Mar 31, 2014
A Basis of Accounting:
The financial statements are prepared under the historical cost
convention, on going concern concept and in compliance with the
Accounting Standards issued by the Companies (Accounting standard),
Rules, 2006.
B Use of Estimates:
The preparation of financial statements in conformity with Generally
Accepted Accounting Principles requires estimates and assumptions to be
made that affect the reported amounts of assets and liabilities and
disclosure of contingent liabilities on the financial statements and
the reported amounts of revenues and expenses during the reporting
period. Differences between actual and estimated results are recognized
in the period in which the results are materialized.
C Recognition of income and expenditure
The Company follows the accrual method of accounting for its income &
expenditure.
D Revenue Recognition
In respect of other heads of income, the Company follows the practice
of accounting on accrual basis.
E Fixed Assets:
Fixed Assets are stated at actual cost less accumulated depreciation.

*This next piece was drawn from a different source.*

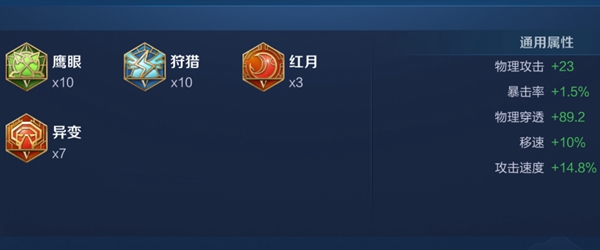 4、第二套铭文搭配:10红月、10狩猎、10鹰眼

Cost comprises the purchase price and any attributable cost of bringing
the asset to its working condition for its intended use.
F Depreciation:
Depreciation on Fixed Assets is being provided on ''Written Down Value
Method'' in the manner and at the rates prescribed in Schedule XIV of
the Companies Act, 1956. However during the year no depreciation had
been provided on Fixed assets as the same to discarded and not to put
use.
G Investments:
Long term investments are stated at cost. Provision for diminution in
the value of investment is made only if such decline is other than
temporary in the opnion of the management.
H Foreign Currency Transactions :
i) The transactions in foreign currencies are stated at the rate of
exchange prevailing on the date of transactions.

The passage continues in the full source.